Although direct comparison between sCTR and eCTR is not justified on all performance parameters because of their essential design differences, we can draw some conclusions comparing similar features and selecting similar populations (adult only). We used univariate ANOVA with CSII performance included as a covariate to compensate for interindividual differences for all continuous variables, except for hypoglycemia counts, which necessitated a nonparametric Mann-Whitney U test. This analysis led to the following conclusions: 1) eCTR and sCTR both increased time spent in near normoglycemia similarly (P = 0.21); 2) eCTR increased overnight time spent in tight glycemic control further, compared with sCTR (P = 0.036); 3) eCTR decreased mean BG further than sCTR overall (P = 0.012), but overnight comparison was not conclusive (P = 0.06); 4) eCTR and sCTR both decreased glycemic variability similarly (P = 0.46); and 5) the comparison of the occurrence of hypoglycemia in sCTR and eCTR was not conclusive (0.4 vs. 1.6 events/patient, Mann-Whitney U test, P = 0.11) and there was no difference in LBGI (P = 0.17).

Adults versus adolescents.

The sCTR study included adolescents with worse control of diabetes as shown by their HbA1c levels and time in near normoglycemia (69.5 ± 4.6 vs. 50.2% ± 9.7, t test P = 0.047); no other significant differences were observed. In terms of system performance, we applied ANOVA analysis with open loop, as covariate for time in near normoglycemia, and tight control range; hypoglycemia occurrences were compared using Mann-Whitney U test. sCTR time in near normoglycemia compared with CSII did not show a significant difference between adolescents and adults (CSII 50.2 to sCTR 65.1% vs. CSII 69.5 to sCTR 81.7%, P = 0.13), but time in tight glycemic control was increased in the adult population and not in adolescents (CSII 30.1 to sCTR 21.3% vs. CSII 38.6 to sCTR 50.1%, P = 0.008). No difference in the occurrence of hypoglycemia was observed (0.82 to 0.27 vs. 1.29 to 0.5 events/admission, P = 0.37).
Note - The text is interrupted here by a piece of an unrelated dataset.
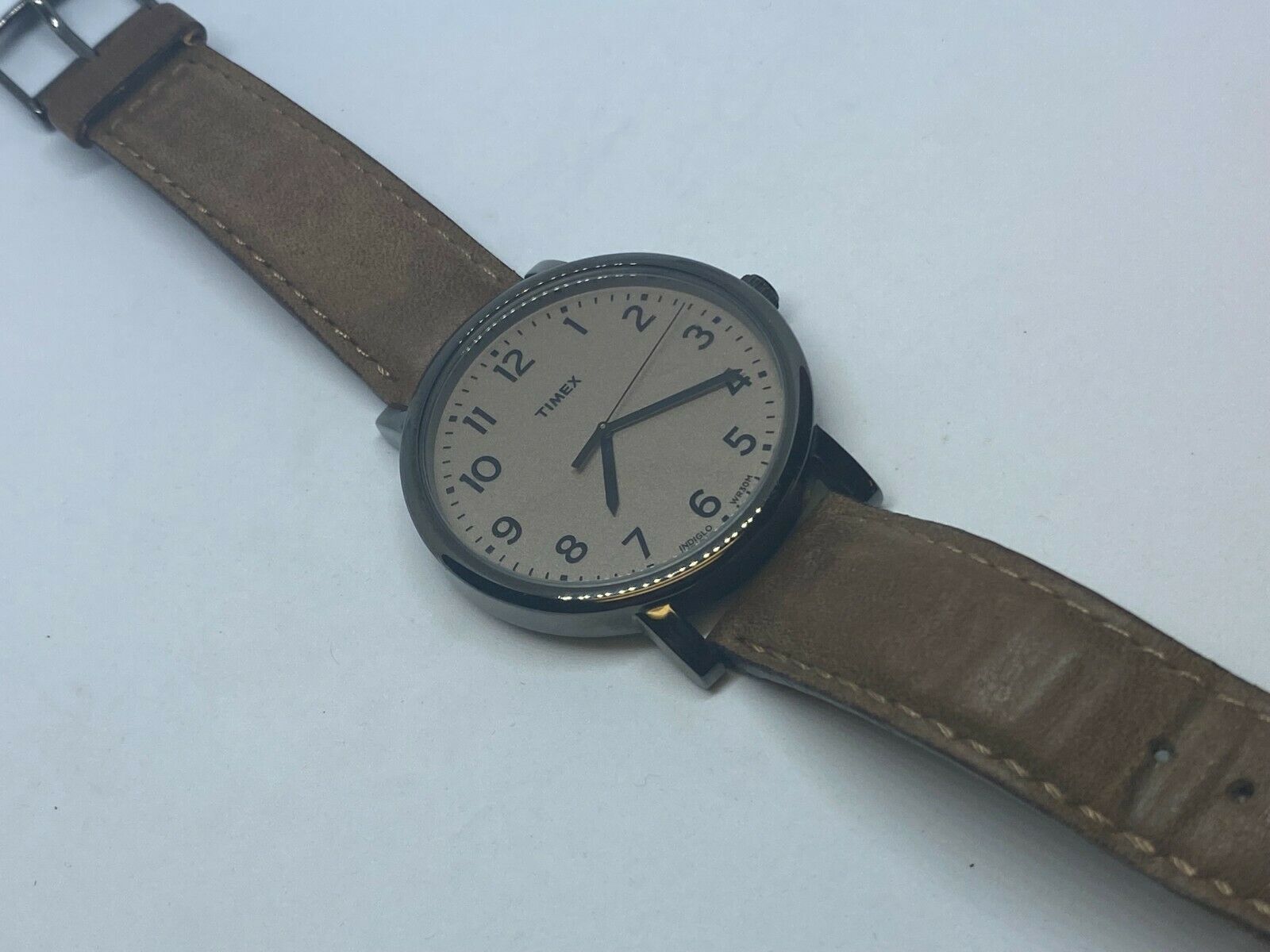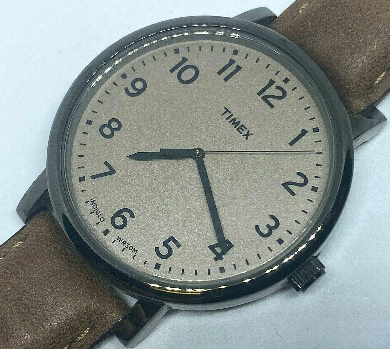 Timex Indiglo Mens 30m Black Brown Leather Analog Quartz Watch Hours~New Battery

These two randomized crossover studies of CLC in type 1 diabetic patients demonstrate 1) the feasibility of fully integrated subcutaneous CLC in a clinical setting, 2) the utility of modular architecture for designing different CLC system functional configurations, 3) the ability of two CTR algorithms to provide increased safety and effectiveness of glucose control as compared with CSII managed by the patients, and 4) the ability of CTR to mitigate hypoglycemia even when challenged by exercise, particularly overnight.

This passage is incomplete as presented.